Britain’s leading provider of abortion services has said that requiring a father’s consent before an abortion is carried out is “not desirable”, and that abortion should be “fully tax-payer funded”.
In the run-up to the general election next week the British Pregnancy Advisory Service has been lobbying Parliamentary candidates to sign up to its “My Pledge, Her Choice” campaign, calling on candidates to protect clinic access and funding for British women, oppose “parliamentary attacks” on abortion rights and support further moves to decriminalise abortion.
But in response to a UKIP candidate’s offer to support the pledge as long as it didn’t call on taxpayer funds, and includes a requirement for the consent of the father except in cases of rape, a spokesman for the BPAS said it therefore couldn’t accept his pledge.
“We believe it [abortion] should be fully tax-payer funded (as women pay tax and this is a medical procedure) and we do not believe requiring a partner’s consent is either practical or desirable”, the spokesman said.
The full correspondence was posted to Facebook by the UKIP candidate for Leeds Central, Bill Palfreman.
It further reveals that BPAS are attempting to persuade candidates to support its pledge by issuing potentially misleading information. The lobbying letter states “the most recent social attitudes polling on this issue found that the majority of voters, across all political parties, support a more progressive abortion framework than we currently have in this country.”
The letter does not give a source for this claim, but it flies in the face of a recent ComRes poll of 2,008 British adults conducted on behalf of Where Do They Stand?, a grassroots initiative to give the public information on where parliamentary candidates stand on a range of issues.
That poll, taken in May 2017, found that 70 per cent of women would like the current time limit of 24 weeks lowered, and 59 per cent of women would like the time limit lowered to 16 weeks or less.
Additionally, it found that 79 per cent of Brits want to introduce a five-day consideration period before an abortion can be carried out, and 76 per cent want to introduce a requirement that doctors verify the women was not coerced before the procedure take place.
According to BPAS’s website, just 10-15 per cent of the 80,000 women who approach the organisation for counselling at one of their 70 clinics nationwide decide to continue with their pregnancy. 96 per cent of women who opt to go ahead with an abortion through BPAS have their treatment paid for by the NHS, although it is an independent organisation.

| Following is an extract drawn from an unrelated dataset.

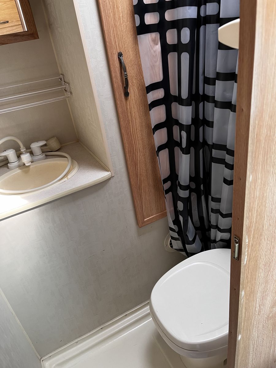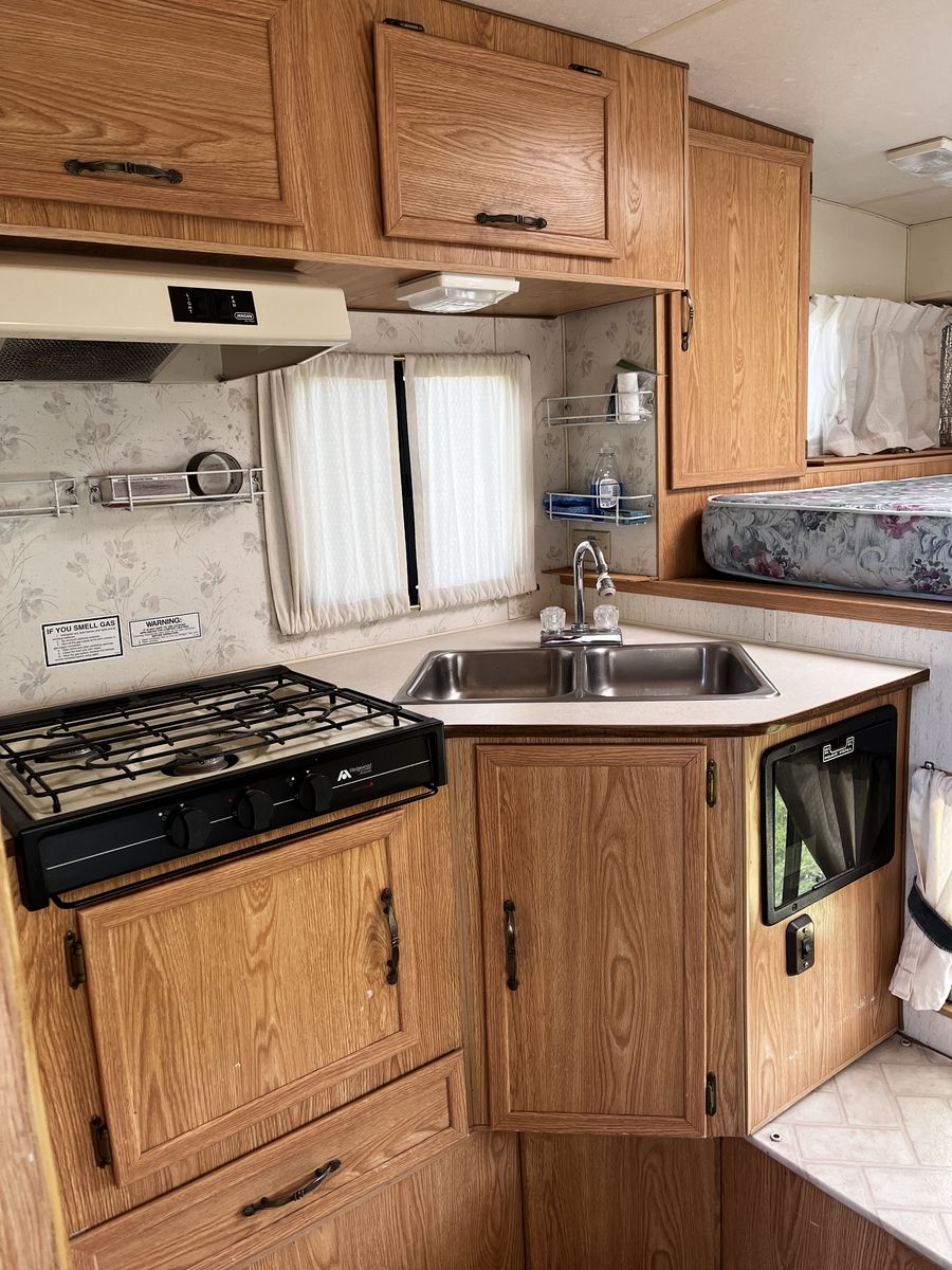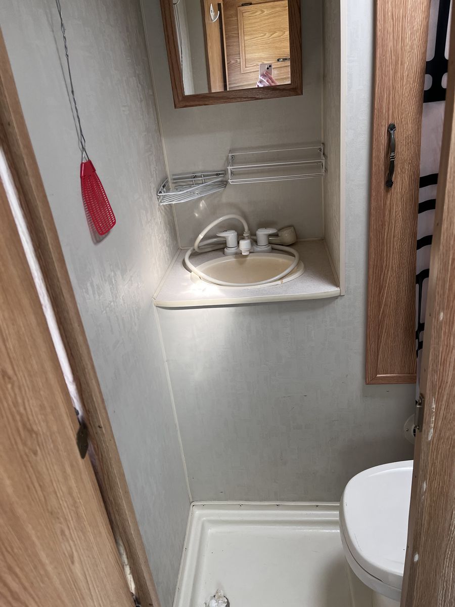 In good condition interior and out. I replaced the water pump. The floor is fully insulated so it is great for extended seasons well into fall weather. Sink and stove work great, as does the bathroom and shower. Has external shower set up as well.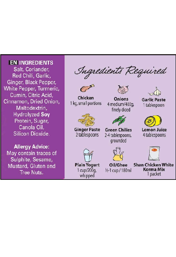 Shan Foods Chicken White Korma Masala Seasoning Mix is the perfect way to recreate the rich, creamy, and mild flavors of traditional Korma. Designed for making a delicious chicken dish in a velvety white onion and yogurt sauce, this spice mix brings the authentic taste of Indian cuisine right to your kitchen. Made with high-quality ingredients like coriander, garlic, ginger, black pepper, and turmeric, Shan Korma Masala enhances the natural flavors of chicken, offering a satisfying meal. This premium Shan masala mix is crafted from the finest spices, making it an easy-to-use seasoning blend for mouthwatering chicken korma. The combination of cumin, cinnamon, and dried onion creates a unique, balanced flavor profile that elevates your cooking. Perfect for both novice and experienced chefs, this Korma seasoning mix ensures your chicken korma will always be tender and flavorful, just like a traditional Mughlai dish. Shan's Chicken White Korma Masala is an essential pantry staple for those who love authentic Indian flavors. Whether you're cooking for family or guests, this versatile spice mix is perfect for making chicken korma and works well with other meats too. The seasoning is free from preservatives and artificial colors, ensuring pure, natural flavors. It's also vegetarian-friendly, making it suitable for various dietary needs. Conveniently packaged in a 40g pack (also available in a 3-pack option), this spice mix allows you to create rich, creamy korma whenever you wish. With no added preservatives or artificial colors, Shan provides an all-natural spice experience. Shan Foods Chicken White Korma Masala is a must-have for any kitchen, adding the right balance of flavors to your Indian-inspired dishes. Enjoy a rich, mouthwatering chicken curry that your family and guests will love with Shan Korma seasoning mix.

Mr Palfreman told Breitbart London that he was not in favour of banning abortion, but that he would like to see an equal role for fathers in granting consent.
“I was startled by BPAS’s outright rejection of the biologically equal role of the father in creating a child. If the relationship was consensual I could never countenance dismissing the need for paternal consent for abortion,” he said.
He added that he thought it “incredible” that the organisation had charitable status, musing: “A charity where healthy babies arrive within the safety of their mother’s womb and leave in bags.”
He said he had also been “surprised” to discover that BPAS offered abortion services, and that he believed their name to be misleading.
“I am surprised that an organisation that called itself the Pregnancy Advisory Service would be an abortion provider. Their name gives no indication of that.
“It must have misled huge numbers of mothers who thought they were getting pregnancy advice and really were speaking to abortionists. They are hardly going to be encouraging often rather vulnerable young mothers to allow their child to live.
“It’s not about pregnancy it’s about abortion. It’s not advisory it’s surgical. It’s not a service it’s an industry.”